While surgery used to be their only option, something new is giving patients a first of a kind alternative.
Lou Baxter has the story.
They happen when fibers in the eye pull away and tear the retina. Macular holes can threaten vision and force people to go under the knife to save their sight. While surgery used to be their only option, something new is giving patients a first-of-its-kind alternative.
While cruising the Caribbean, Catherine Brown realized what she thought had been a problem with her TV, was actually a problem with her eyes.
Catherine brown, had macular holes, "It just wasn't going away, and I couldn't blame the television anymore. It was me. It was clearly me."
She had macular holes, small breaks in the center of the retina that cause blind spots and visual distortions.
Julia A. Haller, MD, ophthalmologist-in-chief, Wills Eye Institute says: "They notice that it's almost like a fun house mirror effect sometimes when they look at people."
Catherine Brown, "mouths would be like this, it was unbelievable."
in the past the only option for patients was surgery, but doctor Julia Haller says a drug recently approved by the FDA could help them avoid it.
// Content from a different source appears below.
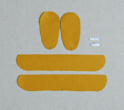 שימוש בתבניות שלנו. סיכת תבניות לצמר הרגיש; לגזור. כדי להפוך את תפר העקב, המעצב את החלק העליון של נעל הבית, לקפל את פיסה העליונה במחצית, ולתפור לאורך הקצה ישר.

Dr. Haller, "It's really, it's miraculous."
Jetrea is injected directly into the eye. It basically breaks down proteins that cause the condition. Two clinical studies showed the drug closed macular holes in 26-percent of participants. That's one in four patients who didn't need surgery.
Dr. Haller, "It's like night and day. Within a few days, your symptoms are gone. You've got recovery of vision."
Catherine Brown, "It was phenomenal that, um, I released as quickly as I did."
Catherine's macular holes are healed. Now this church pianist doesn't have to pray for a miracle.